_YOUR ASSIGNMENT_
Only the lines from the beginning of the data through the line holding "Ốp Mềm Trong" belong in the answer, printed exactly and without pictures.

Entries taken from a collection
───

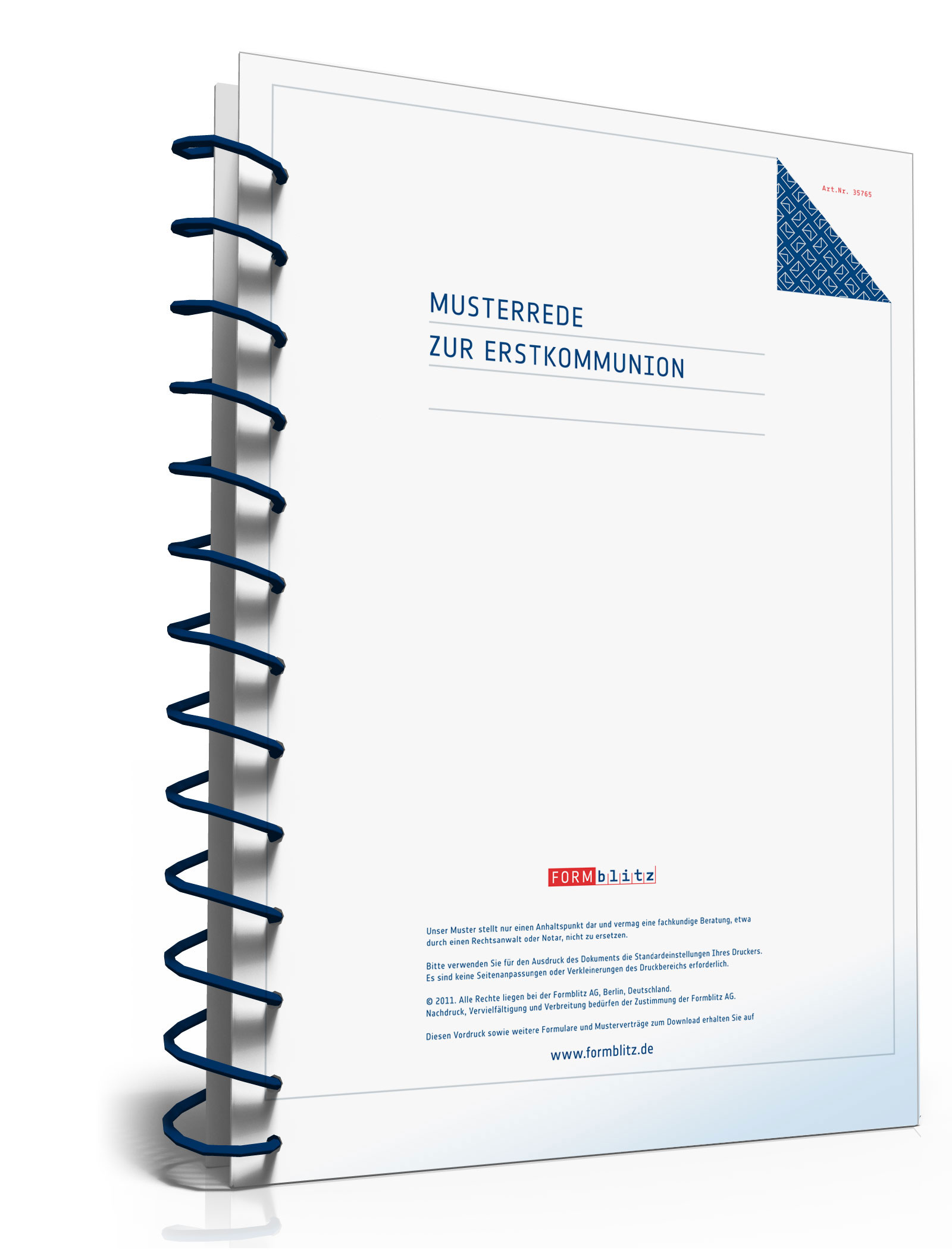 Das Dokumenten-Paket (ZIP-Archiv) enthält neben der Rede zur Erstkommunion den FORMBLITZ-Ratgeber "Die richtige Rede". Der Leitfaden gibt Ihnen viele nützliche Hinweise zum Verfassen und Vortragen einer gelungenen Rede.
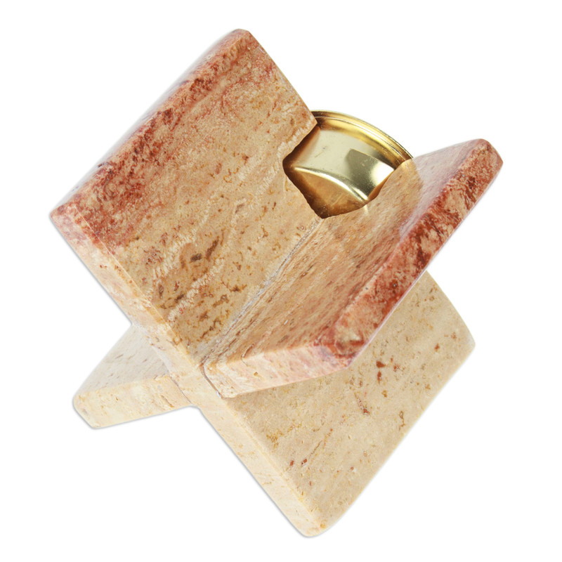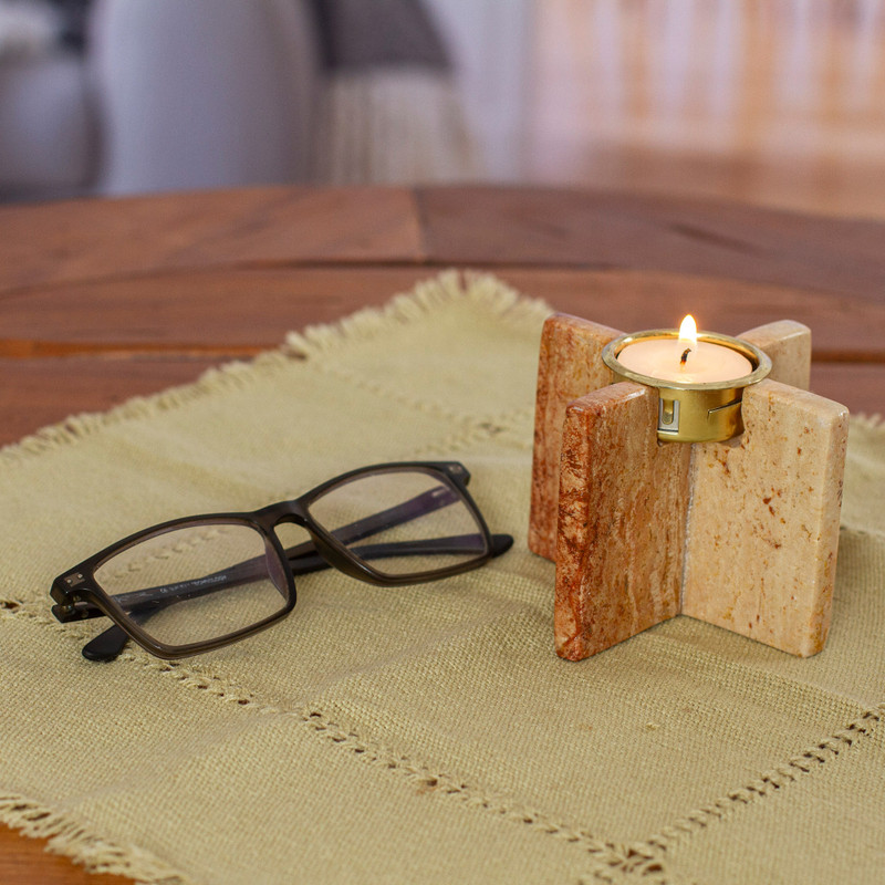 Add warm light to those relaxing moments at home with the Sierra Family's newest creation. Inspired by modern trends, this talented Mexican team works with a natural beige onyx stone to create a cross-shaped tealight candleholder accented with a polished aluminum stand to place your candles securely.
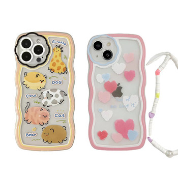 Ốp Mềm Trong Suốt Sóng Lượn Sóng Hình Động Vật Mùa Hè Cho Chó Mèo Có Dây Buộc Cho IPhone 12 11 13 Pro XS Max Ốp Lưng Cho Bé Gái Tuổi Teen
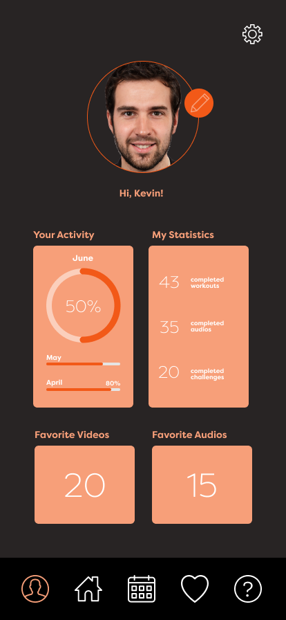 Keep track of information like your monthly activity completed workouts, challenges and audio.
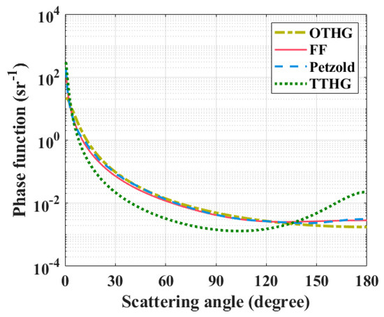The particle backscattering fraction Bp represents the probability that a photon will be scattered through an angle , which is given by . The subscript p represents particles, and bb is the backscatter coefficient, which is the integral of the VSF over the hemisphere of the backscattering directions. These mentioned phase functions are plotted in Figure 5 with Bp = 0.0183, which is consistent with that of the Petzold phase function [46]. These seawater phase functions are all strongly peaked in the forward direction. In the backward scattering direction, both FF and OTHG are similar to Petzold. However, the TTHG phase function has a characteristic of high backscattering and low forward scattering compared to the other three phase functions according to Figure 5.
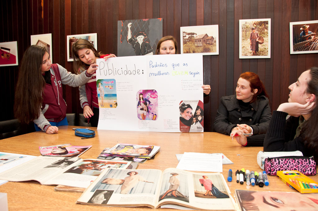Oficina realizada com alunos dos 1º, 2º e 3º anos da Escola Estadual Professor Apolinário Alves dos Santos, de Caxias do Sul. A oficina consistia em analisar fotografias publicitárias constantes em anúncios de revistas como 'Capricho', 'Atrevida', 'Boa Forma', 'Corpo a Corpo', 'Veja', 'Lola' e 'Cláudia', buscando interpretar representações da mulher (ou do gênero feminino) nessas publicações. Os alunos deviam confeccionar cartazes para sintetizar e apresentar ao grupo suas análises. A oficina foi ministrada pelo funcionário do IMHC Anthony Beux Tessari.
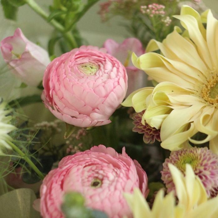 гербера кудрявая – 2 шт.Ранункулюс – 2 шт.Колокольчик – 1 шт.Маттиола – 1 шт.Львиный зев – 1 шт.Озотамнус – 1 шт.тмин – 2 шт.Диантус – 2 шт.Эвкалипт – 3 шт.Упаковка – 1 шт.
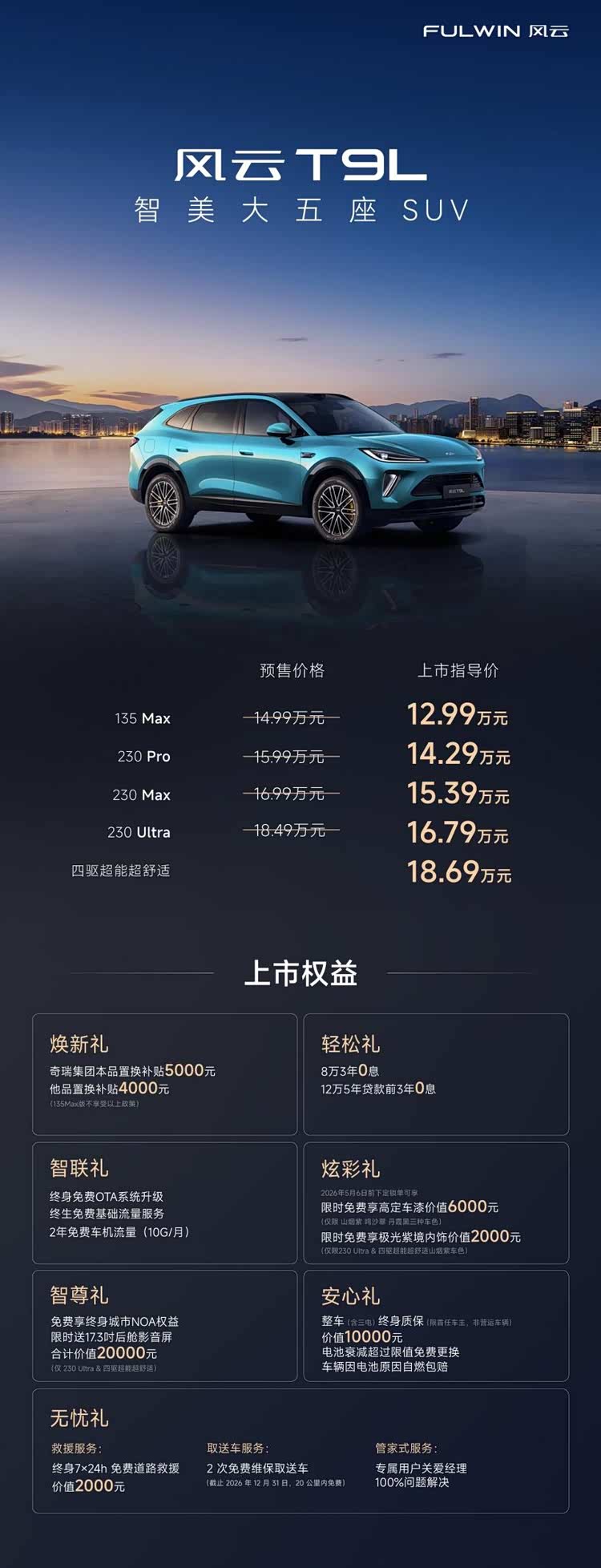 在家庭用户最在意的空间、续航、智能、质保四大维度上,风云T9L都给出了超出同级的答案。与其在众多“偏科生”之间反复纠结,不如一步到位选择一台久用不悔的家用SUV。
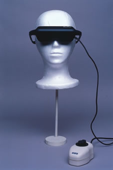 Revolutionary camera designs enable people with low vision to perform daily tasks more effectively. To illustrate, there is now a compact camera that turns a full 180 degrees to magnify images in any position up to 30× with autofocus capability of distant, intermediate, and near ranges. The system can be made portable with a pair of lightweight glasses that display the magnified image within the battery-operated system. Another device, a portable handheld digital magnifier, enables the use of a similar pair of lightweight glasses with built-in monitor for reading text (Fig. 6) (Enhanced Vision Systems, Huntington Beach, CA).
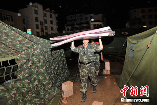 中新網(wǎng)舟曲8月11日電(記者 唐偉杰 劉賢)晚上8點(diǎn)半左右,在數(shù)十分鐘的密集電閃雷鳴后,舟曲災(zāi)區(qū)開始降雨,目前雨勢較小。據(jù)氣象部門預(yù)報(bào),今晚舟曲雷陣雨轉(zhuǎn)中雨,明天預(yù)計(jì)繼續(xù)有中雨。
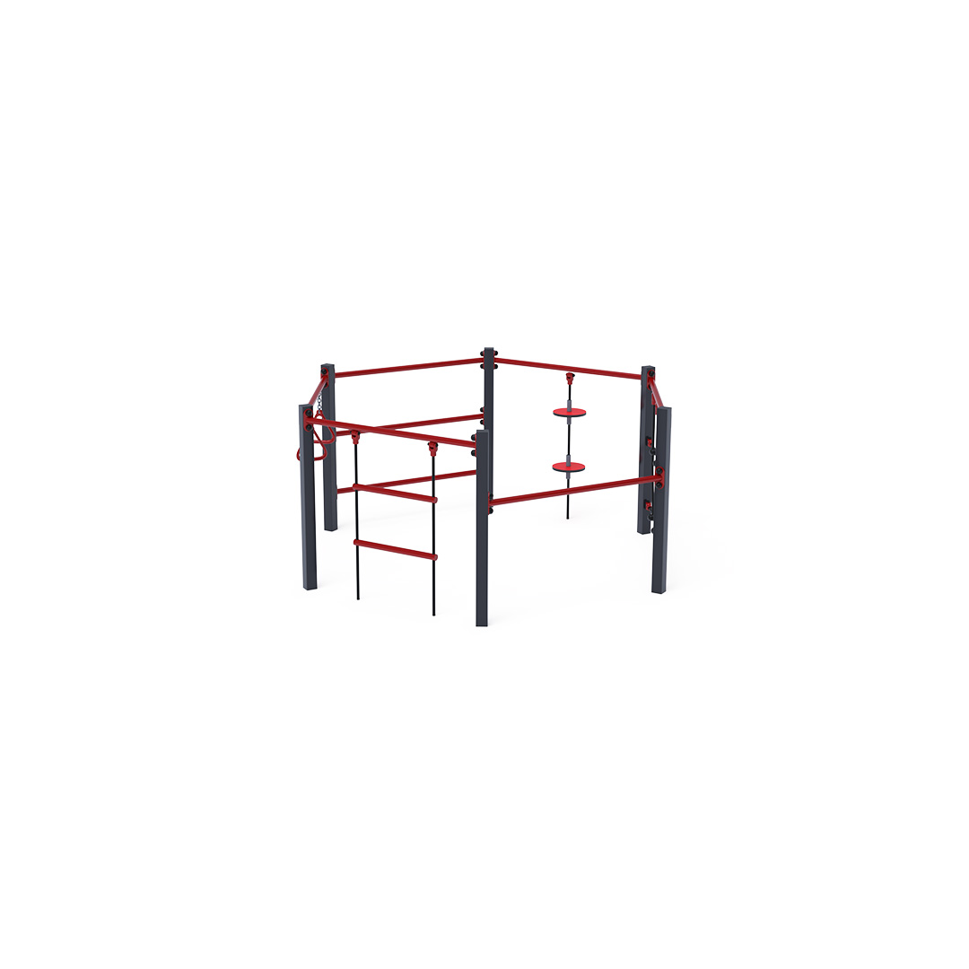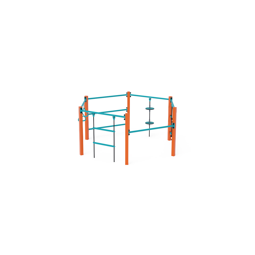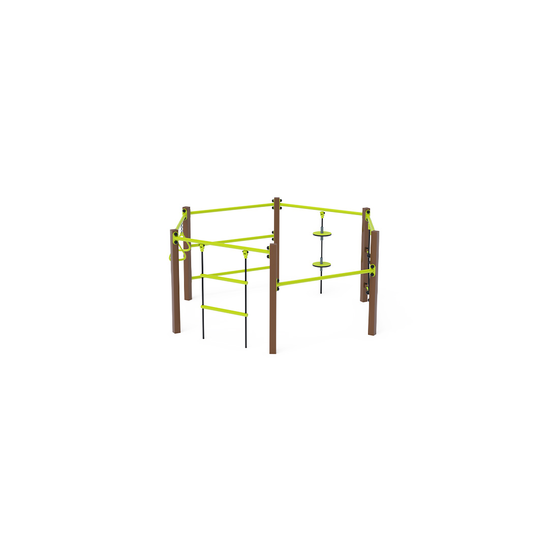 Eine Mini-Turnanlage ist ein Sechseck, bestehend aus einer Stange, Turnringen, einem Seil mit Balanceplatten, einem Kletternetz, einer Leiter und einem Trapez. Die Spielelemente sind aus feuerverzinktem Stahl mit hochwertiger Oberflächenveredelung gefertigt. Die Verbindungen bestehen aus Edelstahl und sind mit Kunststoffkappen versehen, um die Sicherheit und Langlebigkeit zu erhöhen. Die Seile bestehen aus Polyesterfasern, die um den Kern gewickelt sind. Diese Konstruktion erhöht die Festigkeit und Widerstandsfähigkeit gegen mechanische Belastung. Polyester selbst besitzt viele positive Eigenschaften: Es ist resistent gegen Mikroorganismen und Witterungseinflüsse, trocknet schnell nach Regen, ist farbecht und zeichnet sich durch hohe Festigkeit aus. Das Mini-Turncenter VVZ-MGYM005 ist nach der Norm STN EN 1176 zertifiziert.
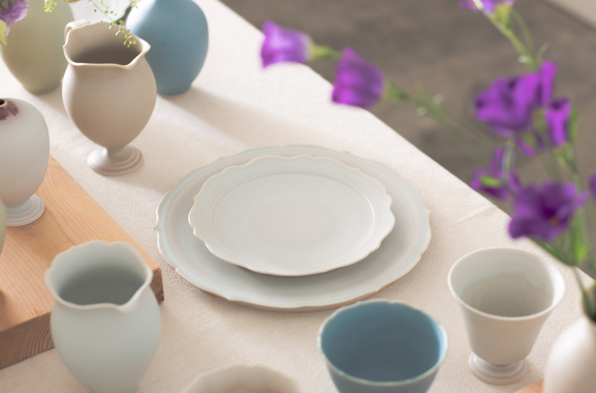 杉原万理江歷經無數次試驗與調整所完成的釉藥,讓器皿兼具簡約的造型、豐富的表情與柔和的質地,同時具備不易沾染污漬的貼心設計。
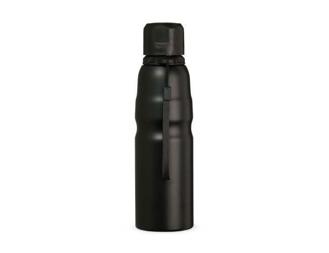 Garrafa inox 800ml com tampa plástica rosqueável e cordão para transporte.

───

_REPLY_
 Das Dokumenten-Paket (ZIP-Archiv) enthält neben der Rede zur Erstkommunion den FORMBLITZ-Ratgeber "Die richtige Rede". Der Leitfaden gibt Ihnen viele nützliche Hinweise zum Verfassen und Vortragen einer gelungenen Rede.
 Add warm light to those relaxing moments at home with the Sierra Family's newest creation. Inspired by modern trends, this talented Mexican team works with a natural beige onyx stone to create a cross-shaped tealight candleholder accented with a polished aluminum stand to place your candles securely.
 Ốp Mềm Trong Suốt Sóng Lượn Sóng Hình Động Vật Mùa Hè Cho Chó Mèo Có Dây Buộc Cho IPhone 12 11 13 Pro XS Max Ốp Lưng Cho Bé Gái Tuổi Teen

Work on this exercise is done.